If you find a good Python API the way to integrate it with Dask is here: https://docs.dask.org/en/latest/remote-data-services.html

sofroniewn commented 4 years ago

Ok cool, thanks. Maybe i'll give it a go! https://github.com/gsuitedevs/PyDrive could be a good place to start as it is built on top of and simplifies https://github.com/googleapis/google-api-python-client

martindurant commented 4 years ago

Yep, basically it comes down to writing an implementation for fsspec, which should be fairly easy and there are several examples. The real question is to what extent gdrive functions like a file-system: does it support listing a hierarchical folder structure, and for a given file, can you load only specified byte ranges fro a file? For the zarr case, it might already work as an "HTTPS file system" if the URL of the target can be generated, and the URLs of the components can be logially constructed by using relative paths, and particularly if the dataset has "consolidated" metadata.

The first thing I saw on the pydrive site, though, is that you must log into the google dev console and create your own oauth client. If you can do that, then you should probably be using GCS...

sofroniewn commented 4 years ago

Indeed @martindurant, turns out I was unable to get passed the login stuff for pydrive (I lacked permission to create the necessary project) so I don’t think that was the solution I was looking for!

Thanks for the tip on fsspec

martindurant commented 4 years ago

gcsfs maintains its own public client for this kind of purpose, so it may be that the problem is fairly easily surmountable.

martindurant commented 4 years ago

( ^ that's specifically for browser-based auth. It may be that the whole of the auth stuff in gcsfs is reusable)

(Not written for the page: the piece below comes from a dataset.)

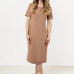 Ta sukienka to idealny wybór na wiele okazji. Dopasowany, ołówkowy krój podkreśla sylwetkę, a asymetryczny dół z ozdobnym detalem nadaje stylizacji oryginalnego charakteru. Krótkie rękawy i okrągły dekolt zapewniają klasyczny wygląd, a kryty zamek i rozcięcie z tyłu gwarantują komfort noszenia.

martindurant commented 4 years ago

See @rabernat 's work which already is usable (read-only) at https://github.com/rabernat/fsspec-google-drive/blob/master/gdrivefs.py We can iterate there on making a full package.

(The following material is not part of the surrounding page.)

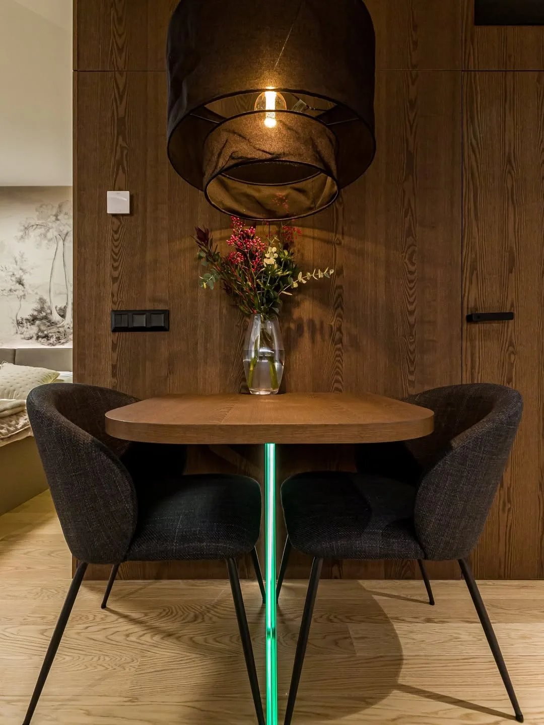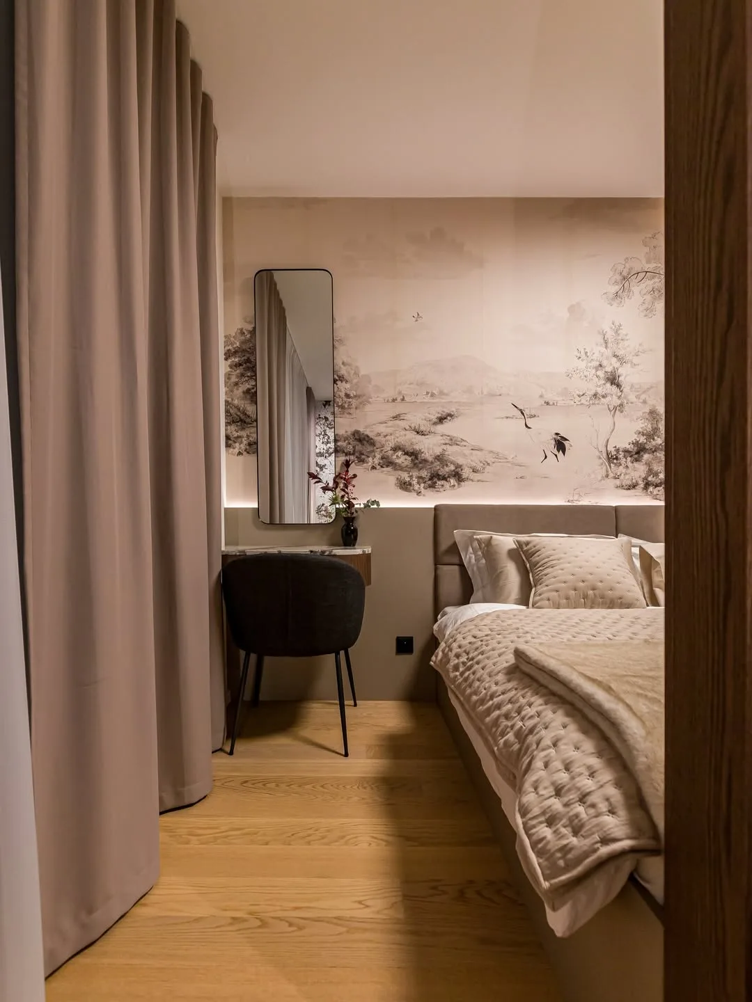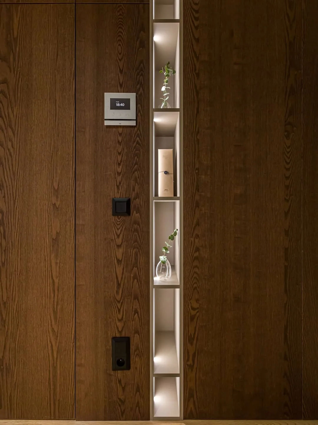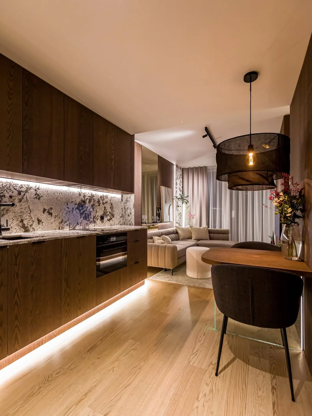 V priestore sa dá pozorovať dôraz na funkčnosť bez kompromisov na estetike. Vrstvené osvetlenie, optické prepojenie miestností a úložné riešenia na mieru udržiavajú čistotu a poriadok, pričom interiér pôsobí nadčasovo a elegantne. Kvalitné spracovanie detailov, precízne prechody materiálov a premyslené kombinovanie textúr dodávajú bytu hĺbku a charakter. Zároveň je miesto navrhnuté tak, aby bolo plne využiteľné pre každodenný život a pohodlie jeho obyvateľov.

rabernat commented 4 years ago

Binder

😉

martindurant commented 4 years ago

Got it to work locally, will be fun to work with. I would need to run browser auth on binder, right?

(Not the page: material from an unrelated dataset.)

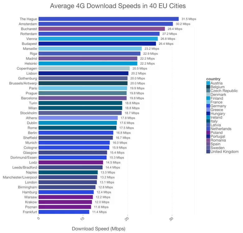 La première européenne est La Haye, avec un débit 4G moyen de 31,5 Mbps et la première ville française se trouve en 7ème position. Il s’agit de Marseille, avec un débit 4G moyen de 23,2 Mbps. La seule autre ville française présente dans le classement est Paris à la 15eme place avec un débit de 19,9 Mbps.

Quick note (maybe should be issue on new repo): whereas ls(path) produces the same whether or not path starts or ends with "/" (and sometimes misses cache), ls("/") inserts additional leading "/" compared to ls(""). Should decide whether we think "/" is the root of the FS or "".

mrocklin commented 4 years ago

This seems like it might still be live. Reopening.

What is left to do here to get something that is easy to play with? Are things ready to publish on PyPI?

martindurant commented 4 years ago

Stuck on https://github.com/intake/gdrivefs/issues/7 , unfortunately. I have tried a little to get google to approve the similar client for gcsfs, but haven't had feedback from a real person yet. We do not meet their typical use case, i.e., a website or mobile app.

The dropbox implementation seems to allow you a normal way to sign in.

mrocklin commented 4 years ago

@lila do you know anyone at GCP or Google Drive who could help unstick things here? This is stopping a lot of academic HPC science users from using Dask on Google for biomedical imaging workloads (and presumably others)

martindurant commented 4 years ago

As far as I know from brief testing, though, the gdrive package is usable. We did not come up with a reasonable way to run tests, would prefer not to go down the vcrpy route again.

rabernat commented 4 years ago

gdrive works. It's just incredibly slow. If anyone wants to play around with it and try to understand why, that would be useful.

martindurant commented 4 years ago

That sounds solid and actionable! Now simply to find someone with some time on their hands...

stale[bot] commented 4 years ago

This issue has been automatically marked as stale because it has not had recent activity. It will be closed if no further activity occurs. Thank you for your contributions.

stale[bot] commented 4 years ago

This issue has been automatically closed because it had not seen recent activity. The issue can always be reopened at a later date.